RAW DATA —
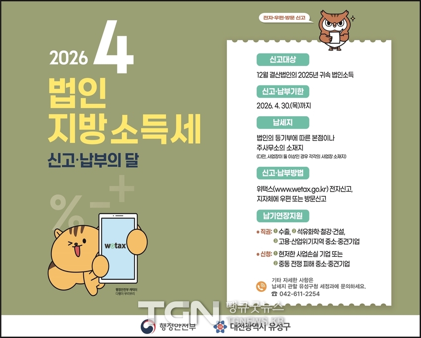 대전 유성구(구청장 정용래)는 오는 30일까지 2025년 귀속 법인지방소득세 신고납부 기간을 운영한다.
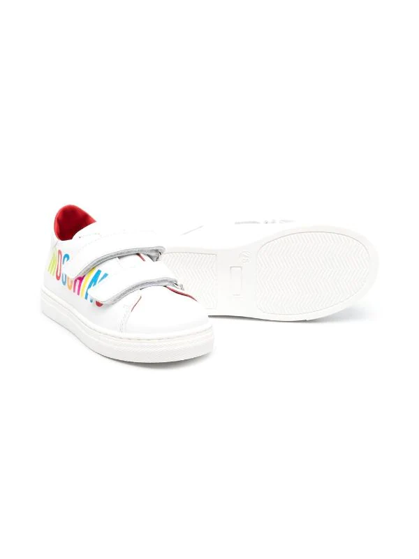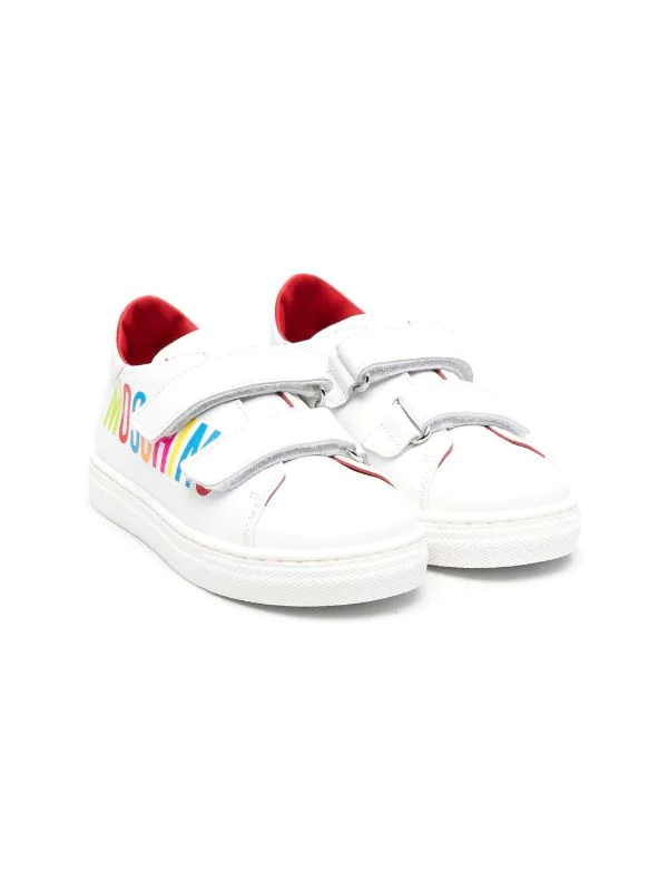 Logo imprimé sur le côté, fermeture scratch sur le devant, semelle intérieure griffée, bout rond, semelle plate en caoutchouc. Matière : cuir.
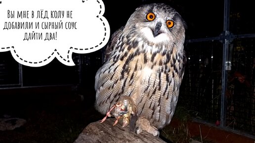 Сова филин Ёль продолжает тренировки меня. Я хорошо приношу вкусное, я молодец!

TO DO —
Copy the listing above verbatim, leaving out pictures.

EXERCISE RESPONSE —
 대전 유성구(구청장 정용래)는 오는 30일까지 2025년 귀속 법인지방소득세 신고납부 기간을 운영한다.
 Logo imprimé sur le côté, fermeture scratch sur le devant, semelle intérieure griffée, bout rond, semelle plate en caoutchouc. Matière : cuir.
 Сова филин Ёль продолжает тренировки меня. Я хорошо приношу вкусное, я молодец!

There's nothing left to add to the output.